MIT alum brings predictive algorithms to the auction house
Kelly Shen, a 2017 MIT graduate, develops algorithms at Sotheby's to forecast art prices based on market trends and artist popularity. She also works on cataloging and managing website traffic for live auctions. Shen credits her MIT math and computer science training, along with her passion for drawing, for her role in the emerging field of art intelligence.
Shen’s dual background in mathematics and computer science, sharpened by MIT’s Project Laboratory in Mathematics, taught her to translate complex puzzles for varied audiences—a skill she now applies to auction forecasting.

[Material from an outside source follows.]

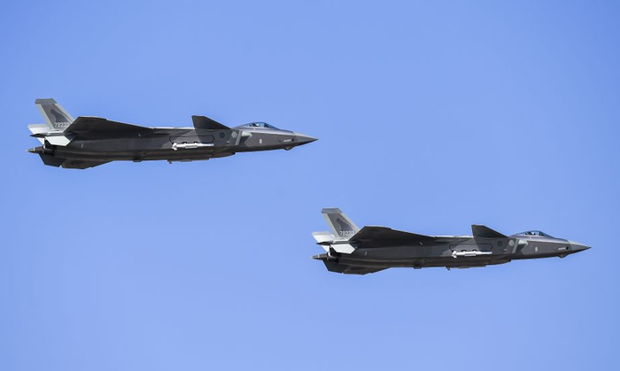 另一角度拍摄的空军歼-20双机编队。(图片来源:中国军网)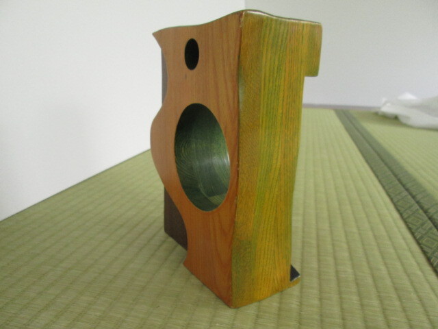 大きさは横13.5㎝高さ19㎝幅5.5㎝ 上の穴直径3㎝深さ10㎝です。

Her role also involves technical infrastructure, such as managing live-auction web traffic and cataloging works, blending data precision with art-world logistics. Beyond her day job, she remains active in MIT alumni networks, including serving as vice president of the Association of MIT Alumnae. Her stated pragmatism—prioritizing audience engagement over algorithmic elegance—reflects a broader industry shift toward user-centric tech applications in traditional markets like fine art.
This convergence of predictive algorithms and auction houses could reshape how art is valued and traded, affecting collectors, artists, and smaller galleries who may rely on data-driven pricing. While such tools may increase market transparency and efficiency, they could also reinforce existing popularity biases, potentially overshadowing emerging or unconventional artists. Buyers and sellers alike may need to adapt to a landscape where quantitative forecasts complement—or challenge—human expertise.